High Availability operating mode requires a witness server along with the principal and mirror databases for database mirroring to automatically detect a failure at the principal and fail over to the mirror.



A quorum is necessary to prevent the database from being served on more than one instance within the database mirroring session.

If the principal were to fail, and the mirror could not connect to the witness, it would be impossible to reach a quorum, and SQL Server would then not promote the mirror to the principal.





High Performance Operating Mode



Database mirroring’s High Performance operating mode uses a principal and a mirror

database but does not need a witness server. This operating mode provides a warm

standby configuration that does not support automatic failure detection or failover.



High Performance operating mode does not automatically fail over because the application’s

transactions are sent to the mirror asynchronously. Transactions are committed

to the principal database and acknowledged to the application.



A separate process constantly sends those transactions to the mirror, which introduces latency into the

process.
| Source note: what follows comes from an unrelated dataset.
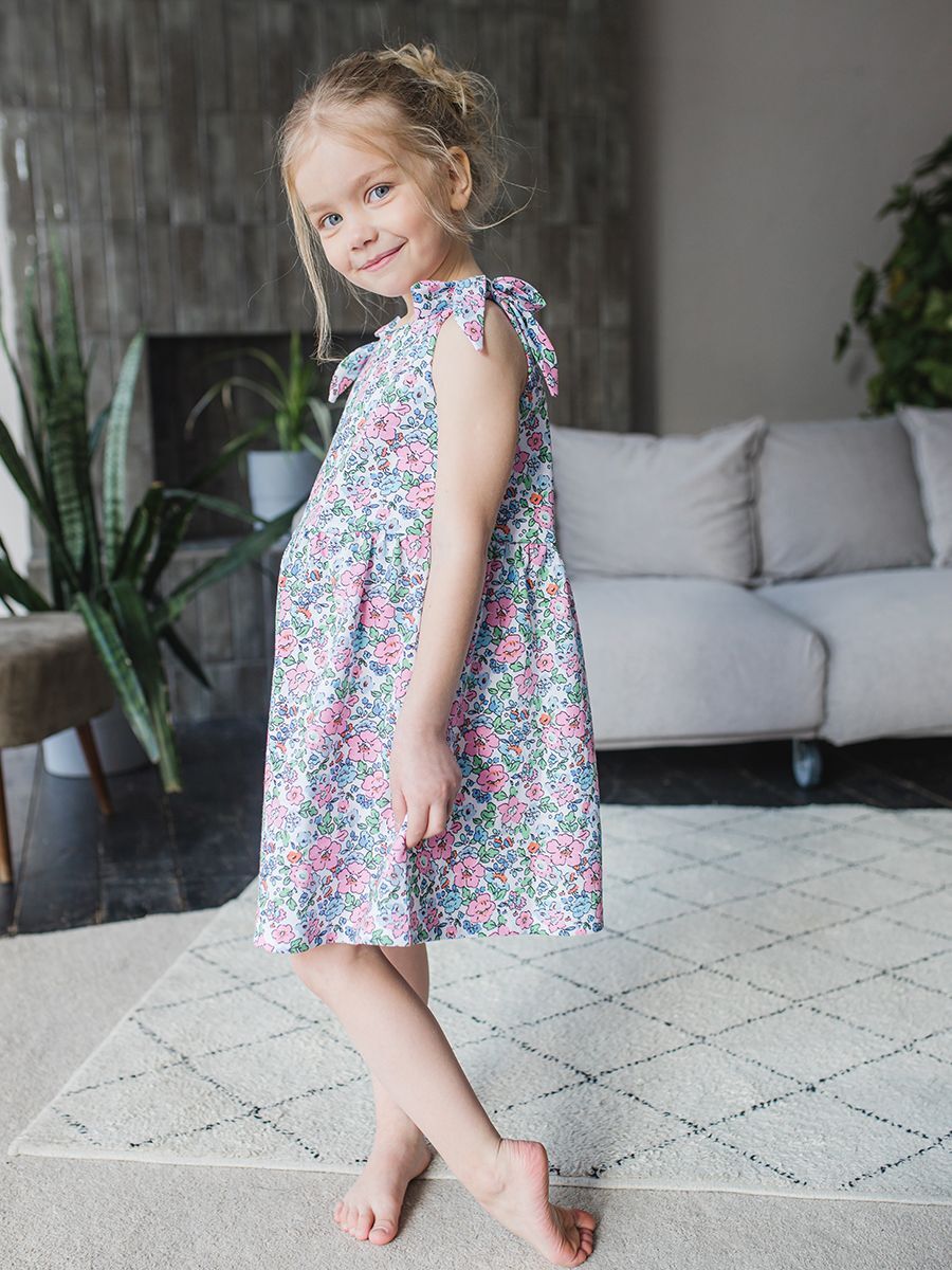 Прекрасное цветочное платье от бренда Радужный Хлопок из 100% хлопка. Идеально подойдет девочкам от 3 до 10 лет (рост от 98 см до 140 см). Платье очень удобное и легкое, подходит для любого времени года. Произведено в России, имеет яркий цветочный узор.
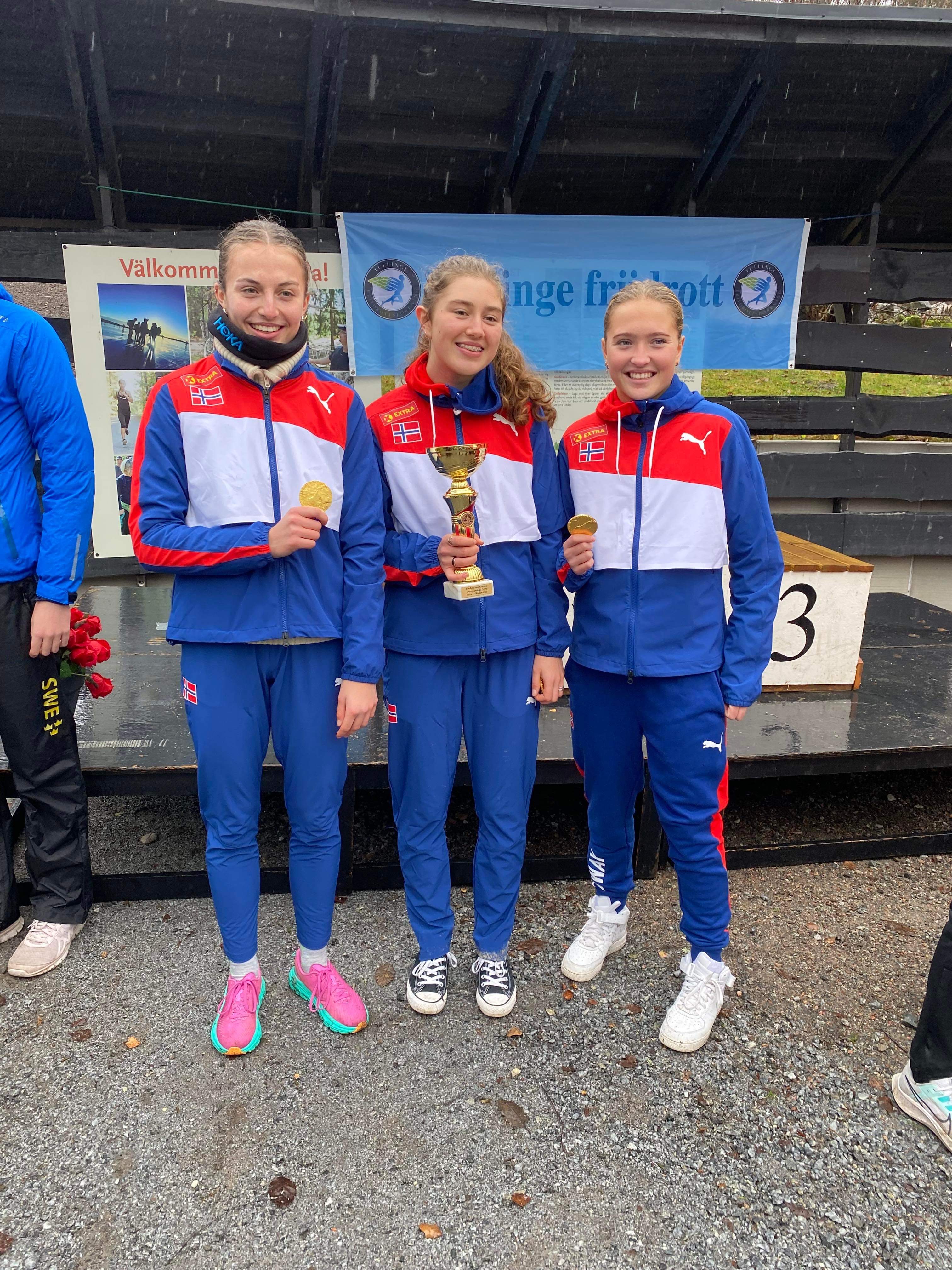 Det norske juniorlaget for jenter vant i nordisk mesterskap i terrengløp i svenske Tullinge på søndag.

This latency prevents a database mirroring session from automatically failing

over because the process cannot guarantee that SQL Server has received all transactions

at the mirror when a failure occurs.





High Protection Operating Mode



Database mirroring’s High Protection operating mode is the same as High Availability

operating mode, except that you do not configure a witness server.



SQL Server transfers transactions synchronously between principal and mirror, but because a two-outof-three quorum cannot be achieved without a witness, failover is manual.



If the principal fails in High Protection operating mode, you must manually promote the mirror to serve the database.